I moved it to a different directory in photobucket. I forgot to update the link. Fixed now!


----------



## tolenmar

Body primed? check.
Tape off blue section? check.
First layer of blue paint? check.

I started the engine assembly tonight. It went pretty quick. The block is ready to prime and paint now, as is the transmission. This is the first model car I've built where the transmission and engine block weren't one solid piece in two halves. This is a good thing, as I enjoy more complex builds. Interestingly enough, the transmission doesn't fit well onto the engine block. Before I glue it permanently, I'm going to have to sand the end of the transmission down so it fits flush, and doesn't try to rock back and forth.

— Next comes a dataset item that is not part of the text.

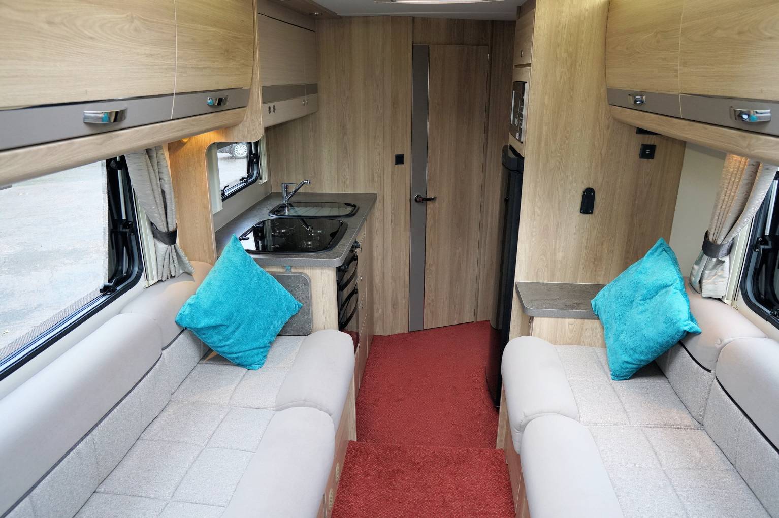 For sale we have a 2018 Elddis Autoquest 175, Explorer Edition, 2-Berth, 2-Seatbelt, End Washroom, Low-Profile Motorhome. Based on the 2.0 litre Peugeot Boxer with 6-speed manual gearbox, with cruise control, reversing / rear-view camera and cab air conditioning. This is a one owner motorhome with full service and habitation check history that is in fantastic condition. When you step into the motorhome, you will find the large washroom at the rear that has a separate shower compartment, Thetford cassette toilet, basin with mixer tap and large wardrobe. The kitchen has a hob with 3 x gas plates and 1 x electric plate, separate grill / oven, sink with mixer tap, microwave oven and large 3-way fridge with separate freezer compartment, complimented with plenty of worktops and power points. The lounge / dining area consists of two large settees that convert to a large double bed or could be utilised as two single beds. Both front seats swivel into the area giving plenty of space for 6 people to dine in comfort. There is a curtain that separates the cab from the habitation area and comes with a full set of blinds fitted to the cab windows. The present owner has fitted a full carpet to the motorhome that has been done very well and the unused removable carpets are also available if you prefer the original look. There is plenty of storage both above and below throughout, has the winter pack fitted for all year use and blown air heating will keep it cosy throughout. Externally there is a wind-out awning, bike rack, external BBQ point, shower point and roof mounted solar panel. The grey side panels and alloy wheels complete the look of this superb condition, low mileage motorhome that really needs to be viewed to be appreciated.
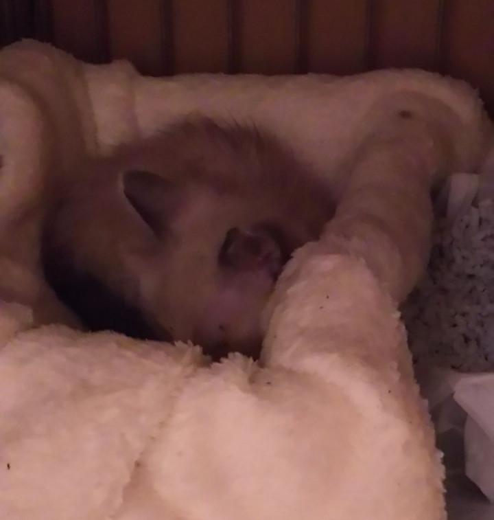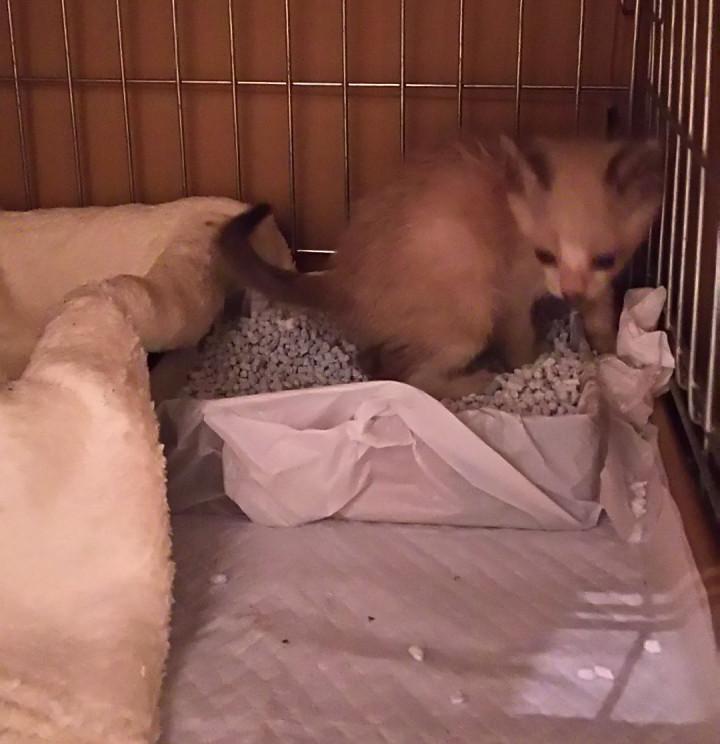 とりあえずごはんを食べて、用意したトイレに自ら入り大小済ませ、これまた自らベットに入り眠ってくれました。

Building the cobra's I started using the diamond shaped black tube of liquid cement from Testors. I sooo much prefer that glue to the cheap red tube. But the black is downstairs, and the red was handy here...This is the last piece I assemble with the red tube. It's so thick, it comes out all at once, and is so much more messy than that black tube. I don't know where I'll use the red tube, but I'll find something.

Also, the engine block is to be painted "Chevy Engine Red", a color I don't have. But I have a few shades of red downstairs, and a pretty good idea what Chevy engine red looks like (thanks to google, though if my monitor color is off, my research will be as well), so there's no problem there. I plan on dinging up the bottom of the motor, maybe trying to grease it up and dirty it up a bit. (Suggestions on that process are welcome.) I figure that yes, it is a show car, but at the same time, it is driven, and so the undercarriage is not going to be pristine like most of my models.

Finally, my brother (who is an electronics whiz where I am not) has agreed to help me wire LED's for headlights and taillights. However, to hide the batteries is going to take a bit of thought. My first idea was to fabricate a killer sound system in the cargo area with monster subs. I'm not terribly fond of that idea, though. Then I thought about cargo. Again, not too high on my list. Instead I think I'm going to make a display stand with a mirrored surface (to show off the weathering I plan to do to the undercarriage anyway), and hide the batteries under that. It does mean running the wires down through a hole in the base next to one of the wheels, but then I don't have to work out how to modify the model to hold the batteries.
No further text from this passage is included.